What carries the argument
The Cracks in the Foundation (CiF) dataset of approximately 150,000 expert-annotated high-resolution images for instance segmentation of civil infrastructure defects. It functions as a benchmark that exposes the gap between current model capabilities and the requirements of real-world structural inspection.
Load-bearing premise
The five-year expert-curated collection of 150,000 images provides a representative and unbiased sample of real-world civil infrastructure defects without major selection effects from curation or annotation choices.
What would settle it
A model that achieves well above 25 percent mAP on the CiF test set or on a similar collection of real civil infrastructure images, without relying on extensive additional domain-specific fine-tuning, would directly challenge the claim that the task remains unsolved.
Figures
read the original abstract
Automated structural health monitoring is essential to prevent catastrophic infrastructure failures. Precise, pixel-level defect segmentation is needed to accurately assess structural integrity, but progress in defect segmentation for civil infrastructures has been held back by an extreme scarcity of data, which requires costly expert annotation.
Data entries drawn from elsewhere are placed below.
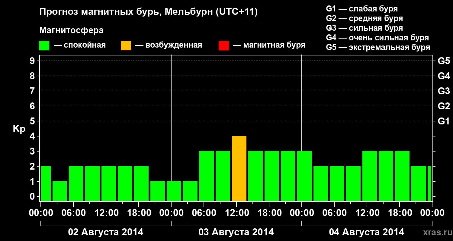Прогноз магнитных бурь в Мельбурне на 2 августа 2014 года
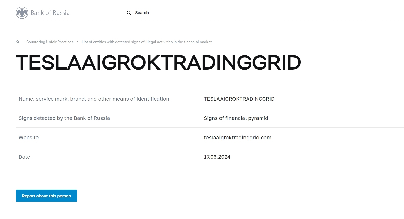 Наименование, знак обслуживания, бренд и иные средства индивидуализации TESLAAIGROKTRADINGGRID Признаки, выявленные Банком России Признаки финансовой пирамиды Сайт teslaaigroktradinggrid.com Дата 17.06.2024
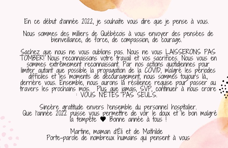 Les mots me manquent lorsque je pense aux sacrifices que vous faites pour prendre soin de nous tous les jours. Vous êtes une source d’inspiration et de courage pour tous les Québécois qui se serreront les coudes à nouveau en cette fin d’année en espérant alléger, ne serait-ce qu’un peu, votre fardeau.
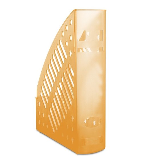 Pojemnik na dokumenty, ażurowy, wykonany z twardego, odpornego na pęknięcia polistyrenu_posiada Zielony Punkt (Der Gr_ne Punkt) - udział w systemie recyklingu i odzysku odpadów wynikający z przepisów prawa polskiego i UE_szerokość grzbietu: 70mm_pojemność: do 700 kartek o gramaturze 80gsm_sztywna konstrukcja o zwiększonej stabilności_ścięte boki ułatwiają wkładanie i wyjmowanie dokumentów_tworzywo przeznaczone do recyklingu_wymiary: 70x315x240mm_kolor transparentny pomarańczowy
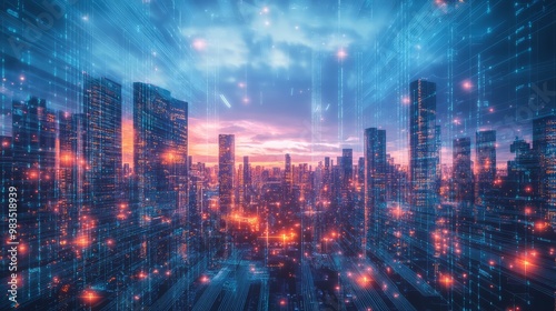 © Damerfie, Fototapeta premium Vibrant Cityscape at Dusk with Digital Overlay
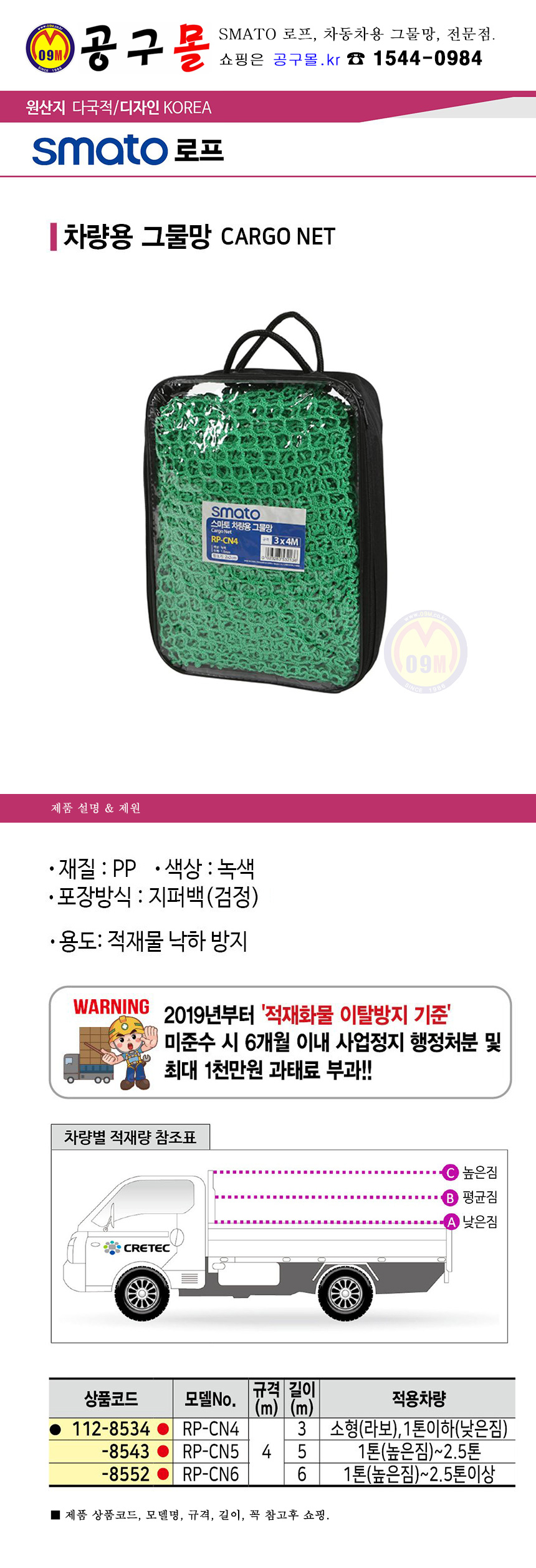 스마토 차량용 그물망 RP-CN6 4Mx6M 화물차.포터그물망,공구몰,112-8552
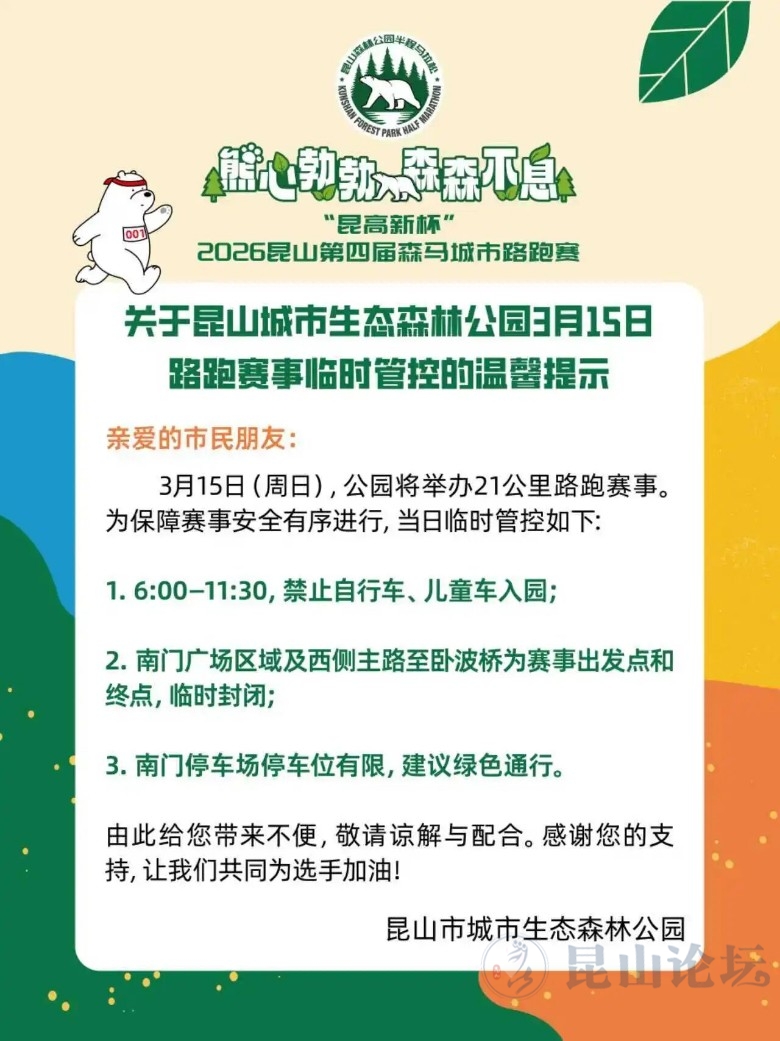 3月15日(周日),昆山城市生态森林公园将举办21公里路跑赛事。
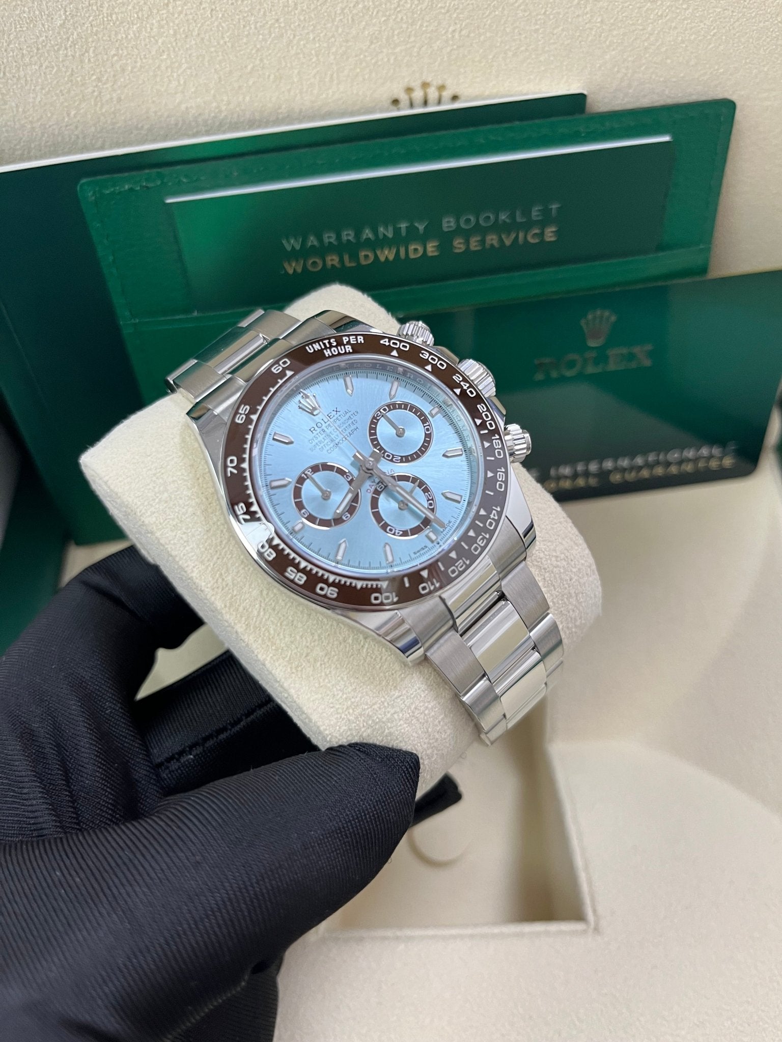 40mm platinum case, screw-down back, screw-down crown with triplock triple waterproofness system, chestnut brown monobloc cerachrom bezel in ceramic with moulded numerals and graduations, scratch-resistant sapphire crystal scratch-resistant sapphire, ice blue dial, index hour markers, 4131, manufacture Rolex perpetual, mechanical chronograph, self-winding movement with centre hour and minute hands, small seconds hand at 6 o'clock, chronograph via centre seconds hand, 30-minute counter at 3 o'clock and 12-hour counter at 9 o'clock, stop seconds for exact time setting, approximately 72 hours of power reserve, Oyster bracelet with three-piece solid links, folding Oysterlock safety buckle with Easylink 5mm comfort extension link. Waterproof to 100 metres / 330 feet.
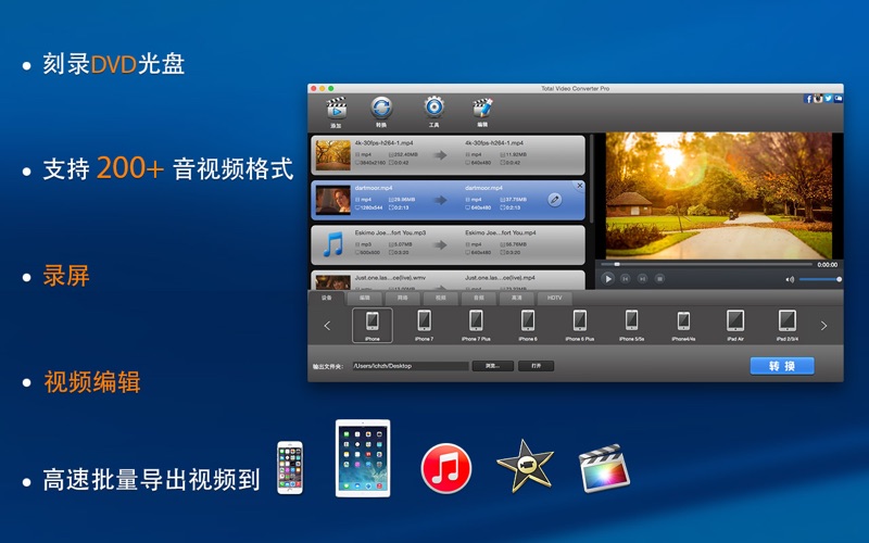 限时促销,原价¥200! Total Video Converter Pro = 视频/音频转换 + 视频刻录 + 屏幕录制 + 视频/音频编辑 + 视频/音频裁剪 + DVD刻录 + DV自动输入 + 视频合并/分割 + GIF输出 + 音频提取 + 视频特效 + 视频/音频复合 Total Video Converter Pro高级版本,是一个非常强大,全功能的转换器,视频编辑器和DVD刻录机,支持几乎所有的视频和音频格式。 主要特点: • 批量转换视频和音频文件到iPhone, iPad, iTunes, PS Vita, iMovie, Final Cut Pro。 • 高速刻录标清SD和高清HD视频到NTSC / PAL制式的DVD。 • 整合录屏软件,支持录制屏幕并输出无损视频。 • 提供直观交互的时间线编辑所有视频格式。 • 逐帧精确裁剪和剪辑视频和音频文件。 • 自由给视频添加喜欢的背景音乐。 • 自动导入DV视频(AVCHD/TOD/MOD),并很容易地转换到iMovie, FCP和其他移动设备。 • 合并多个视频片段为一个专业好看的电影。 • 从视频文件中无损提取视频和音频。 • 从视频文件导出GIF动画图像。 • 增加特效效果如翻转, 旋转, 灰色, 平滑, 使您的视频与众不同。 支持格式: • 完美支持的输出设备有:iPad, iPhone, iPod, PS Vita, HDV, DV, Xbox 360, PS3, PSP, Blackberry, Nokia, Samsung, Android, Zune, Creative Zen,等。 • 高度兼容HDV,DV视频格式:*.mod, *.tod, *.m2ts, *.evo, *.vro, *.mts等。 • 输入视频格式: WMV, MKV, AVI, DivX, XviD, MPEG, MP4, QT, RM, RMVB, M2TS, M2T, MTS, FLV, MPEG, MPEG2 TS, ASF, 3GP, 3G2, GIF, H.264/MPEG-4 AVC, H.264/PSP AVC Video等。 • 输入音频格式: MOV, FLV, WAV, MP3, MP2, AAC, M4A, WMA, FLAC, AMR, AWB, OGG, MMF, AC3, AU等。 • 输出视频格式: OGG, WebM, WMV, MKV, AVI, DivX, XviD, MPEG, MP4, MOV, QT, RM, RMVB, M2TS, M2T, MTS, FLV, MPEG, MPEG2 TS, ASF, 3GP, 3G2, GIF, SWF, H.264/MPEG-4 AVC, H.264/PSP AVC Video, H.264 TS, WMV-HD, MKV-HD, DivX-HD, Divx-HD, MOV-HD, FLV-HD, MP4-HD等。 • 输出的音频格式: WAV, MP3, MP2, AAC, M4A, WMA, FLAC, AMR, AWB, OGG, MMF, AC3, AU等。 技术支持: 如果你有任何问题,只需发送电子邮件到: support@effectmatrix.com 修复一些转换问题。
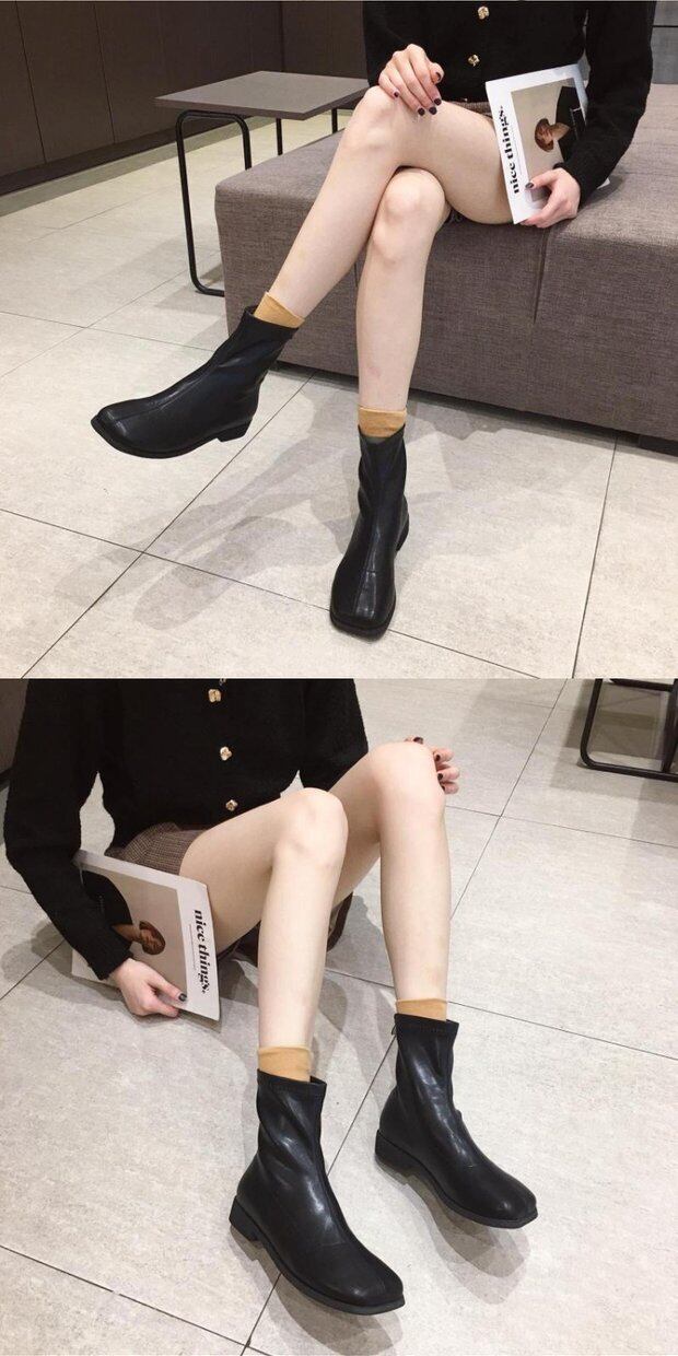 四角いつま先の太いヒールのショートブーツの女性2020年秋の新しいローヒールオールマッチシングルブーツジッパーショートチューブナイトブーツのバージョン 靴 シューズ オータム 秋物 スクウェア インポートシューズ mi6217967704081
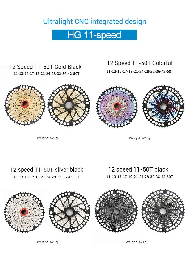 12-speed 11-50T Colorful-Black [11-13-15-17-19-21-24-28-32-36-42-50T] 421g 203mm
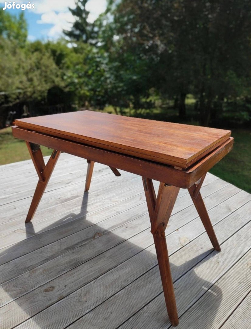 Étkező asztal ami dohányzó asztallá variálható egy az asztal alá rejtett kar segítségével .Erdekes mechanikai megoldás.Vendeglapos az asztal 8 személyre is kinyitható.Használat nyomai és a kor meglátszik rajta de mindene eredeti állapotában van.

The need for data is accentuated by algorithmic hurdles intrinsic to the problem, including center-bias and the need to rely more on shape when inspecting nearly textureless building materials. To remove the bottleneck, we introduce Cracks in the Foundation (CiF), the largest and most detailed civil infrastructure (instance) segmentation dataset to date, comprising $\approx$150,000 high-resolution images meticulously curated over five years in collaboration with civil engineering experts. With the help of this unprecedented data source, we expose a blind spot of current visual AI: despite the advent of promptable Foundation Models (FMs) and Vision Language Models (VLMs), and despite the impressive abilities of today's specialised segmentation models, it turns out that dense image understanding in the built environment is nowhere near solved. Our evaluations indicate that even the most recent zero-shot FMs face significant challenges when deployed on real-world infrastructure and even the performance of specialised models with domain-specific supervision plateaus at $\approx$25% mAP. CiF establishes inspection of civil infrastructure, an elementary and seemingly easy perceptual task, as an open challenge that reveals fundamental weaknesses of present-day models trained predominantly on internet images, literally and figuratively highlighting cracks in the current foundation model paradigm.
Editorial analysis
A structured set of objections, weighed in public.
Referee Report
Summary. The paper introduces Cracks in the Foundation (CiF), a dataset of approximately 150,000 high-resolution images for instance segmentation of civil infrastructure defects, curated over five years in collaboration with civil engineering experts. It evaluates zero-shot foundation models (FMs) and vision-language models (VLMs) as well as supervised segmentation models on this benchmark, reporting that recent zero-shot FMs face significant challenges on real-world infrastructure and that even domain-supervised models plateau at approximately 25% mAP, framing civil infrastructure inspection as an open challenge that exposes limitations of internet-pretrained models.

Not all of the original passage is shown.